A space vehicle is traveling at \(4300 \mathrm{~km} / \mathrm{h}\) relative to Earth when the exhausted rocket motor (mass \(4 m\) ) is disengaged and sent backward with a speed of \(82 \mathrm{~km} / \mathrm{h}\) relative to the command module (mass \(m\) ). What is the speed of the command module relative to Earth just after the separation?

Short Answer

Expert verified
The command module's speed relative to Earth is 4365.6 km/h.

Step by step solution

01

Identifying the Initial Conditions

The problem states that the mass of the rocket motor is \(4m\), and the mass of the command module is \(m\). The vehicle's initial speed is \(4300 \, \text{km/h}\), and the rocket motor is ejected backward at \(82 \, \text{km/h}\) relative to the command module.
02

Setting Up the Conservation of Momentum Equation

In a closed system, momentum is conserved before and after the event. Let \(v_c\) be the final speed of the command module relative to Earth. The total momentum before the separation is \((4m + m) \times 4300\).
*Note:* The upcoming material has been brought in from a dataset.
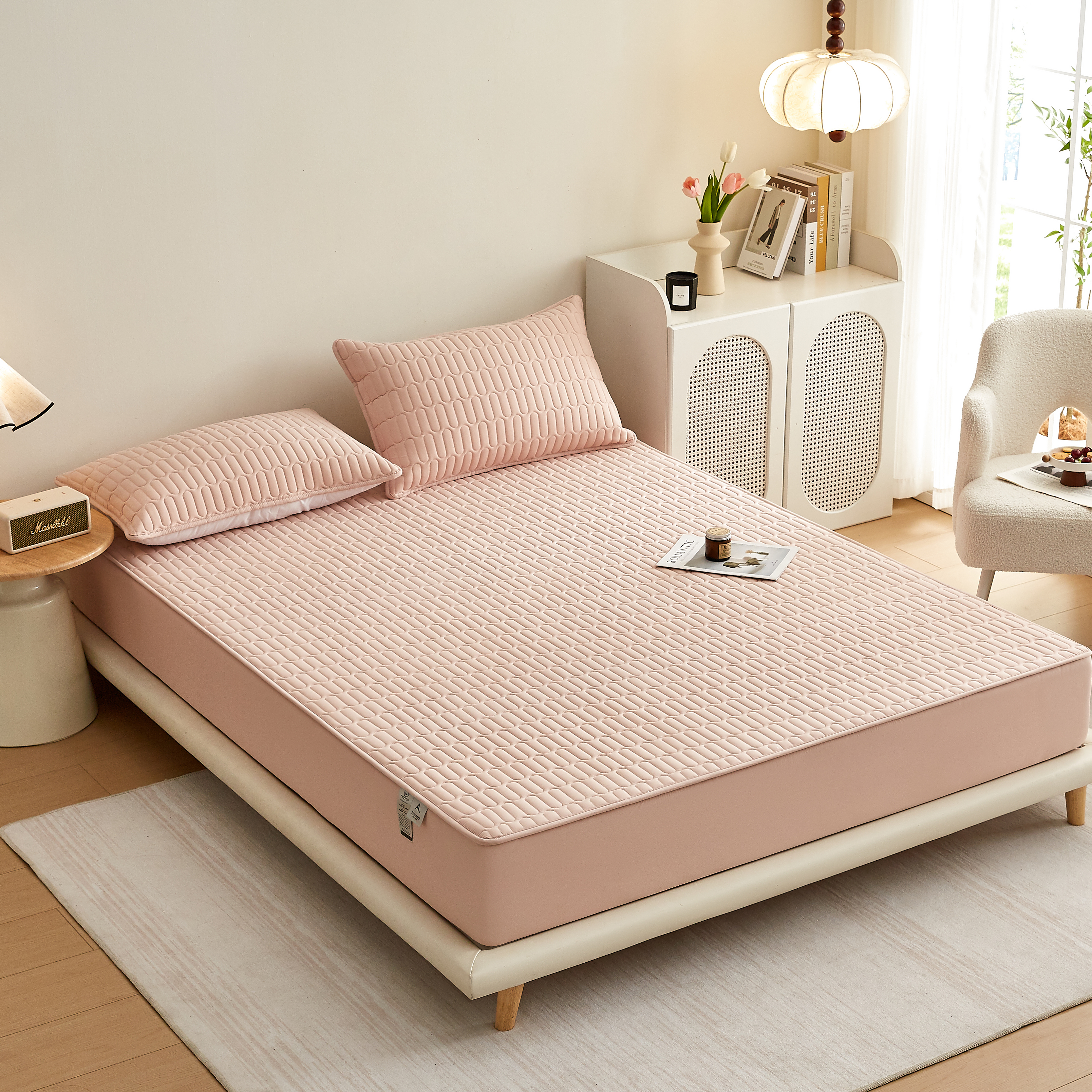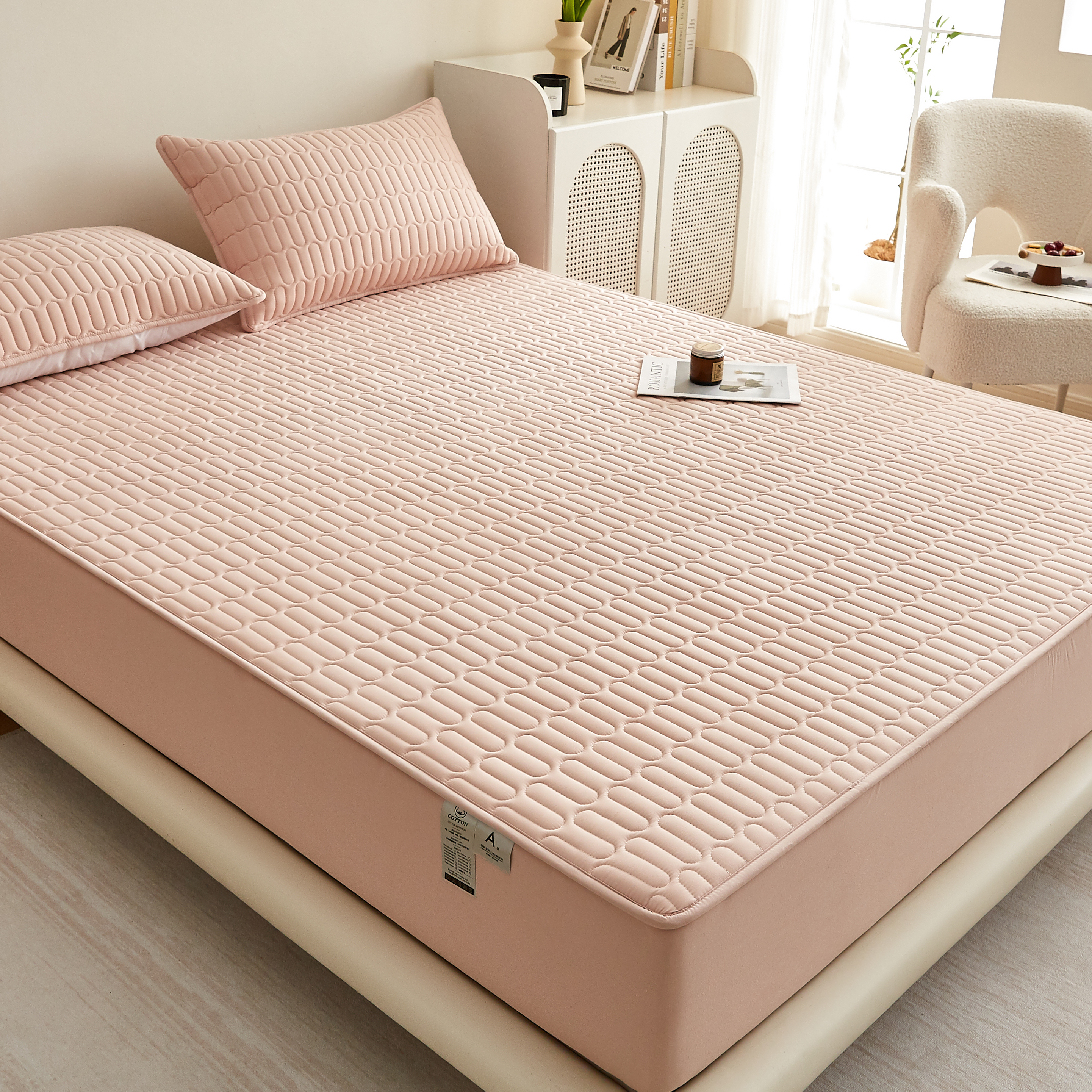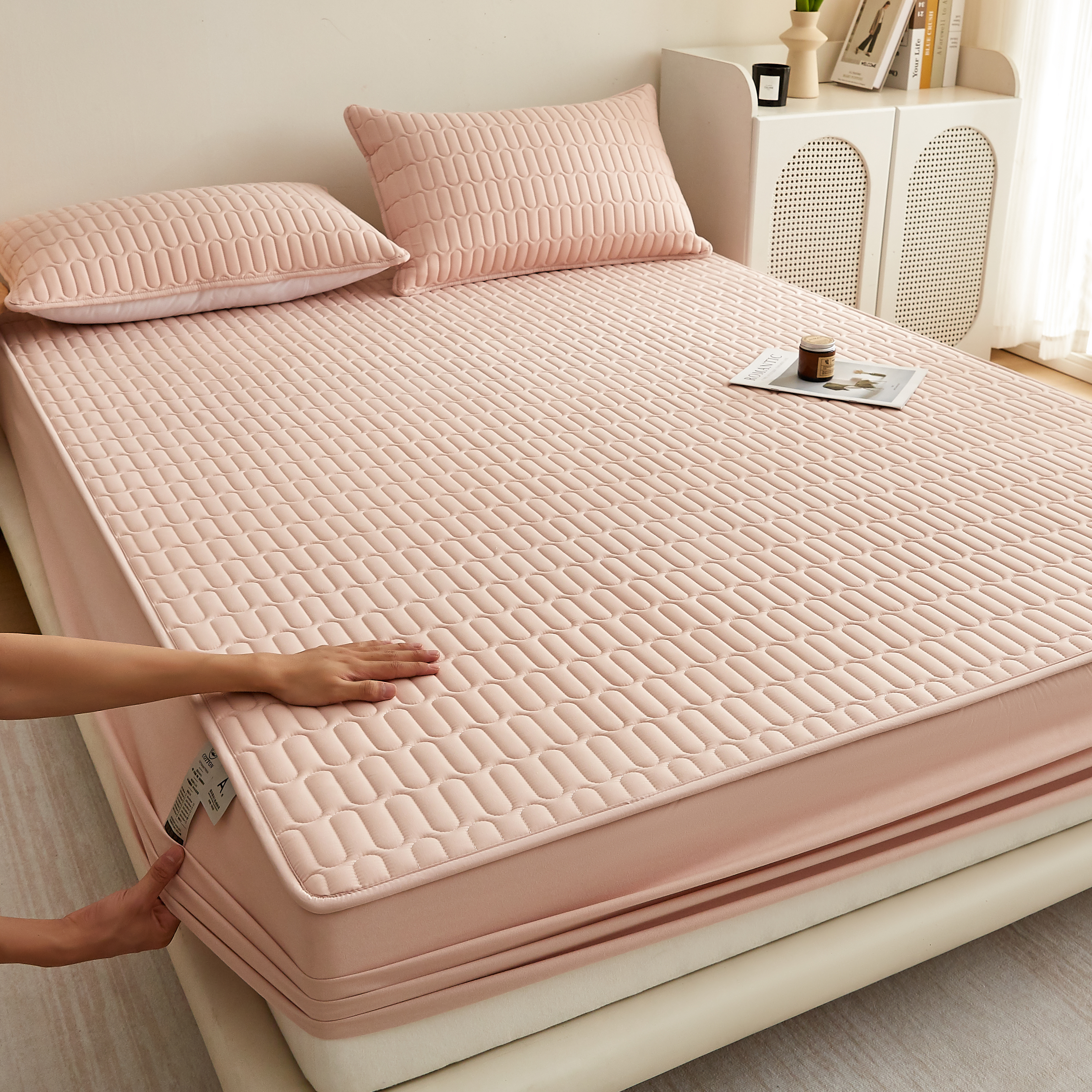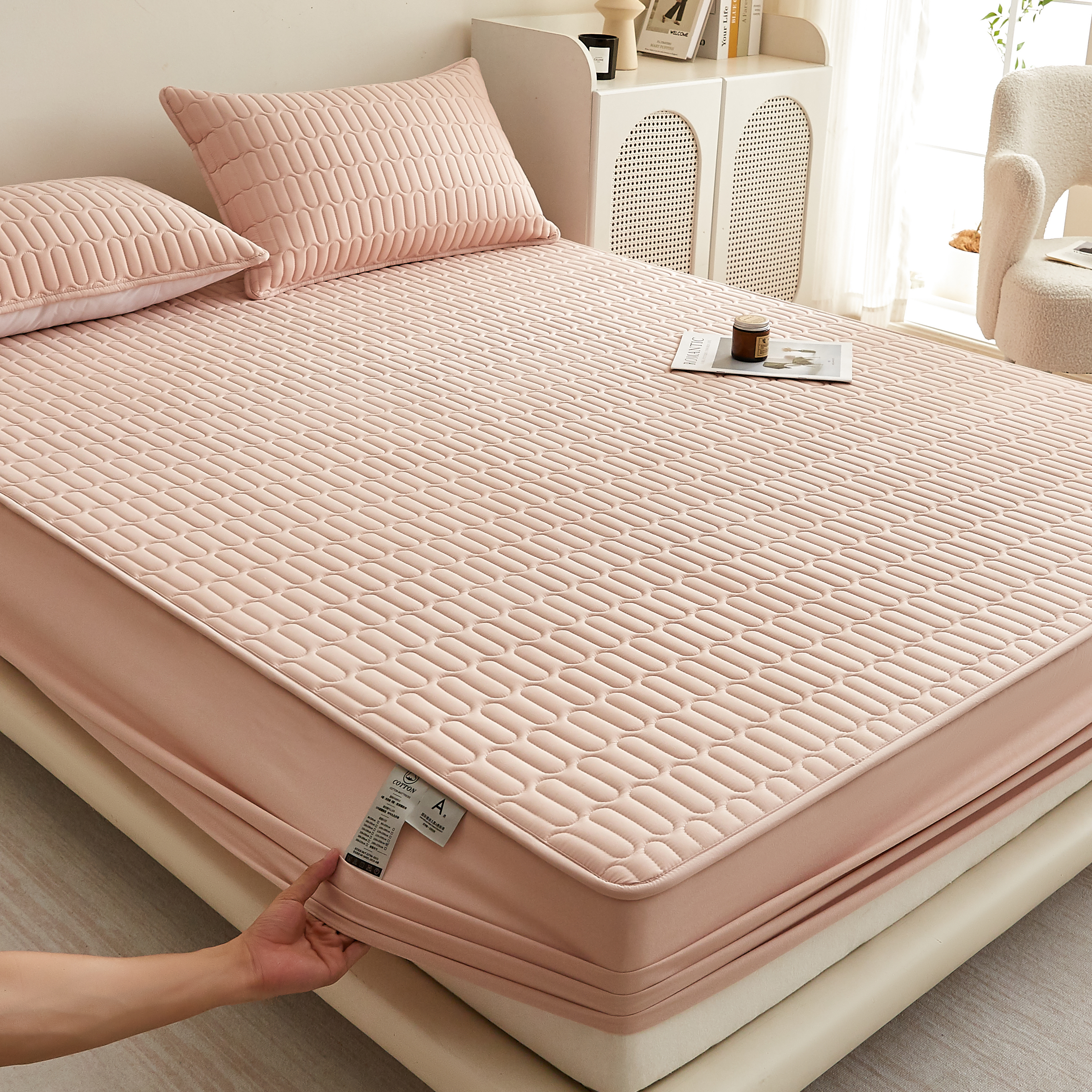 • 91家纺网 家纺一手货源 找家纺 蕾诺家纺 2025新款 菱格水洗棉亲肤棉夹棉床笠 菱格-玉粉

After the separation, the motor with mass \(4m\) has a speed \((v_c - 82)\) and the command module has speed \(v_c\).
03

Expression of Conservation of Momentum

The conservation of momentum gives us the equation: \[ (4m + m) \times 4300 = 4m \times (v_c - 82) + m \times v_c. \] Simplify this equation to solve for \(v_c\).
04

Solving for the Command Module's Speed

Combine and simplify the terms in the equation: \[ 4300 \times 5m = 4m(v_c - 82) + m v_c. \] Expand and simplify: \[ 21500m = 4mv_c - 328m + mv_c. \] This simplifies to \[ 21500 = 5v_c - 328. \] Solving for \(v_c\): \[ v_c = \frac{21500 + 328}{5}. \] Calculate the final speed of the command module.
05

Calculating the Final Speed

Solve \( v_c = \frac{21828}{5} = 4365.6 \, \text{km/h}. \) Thus, the speed of the command module relative to Earth just after the separation is \( 4365.6 \, \text{km/h}. \)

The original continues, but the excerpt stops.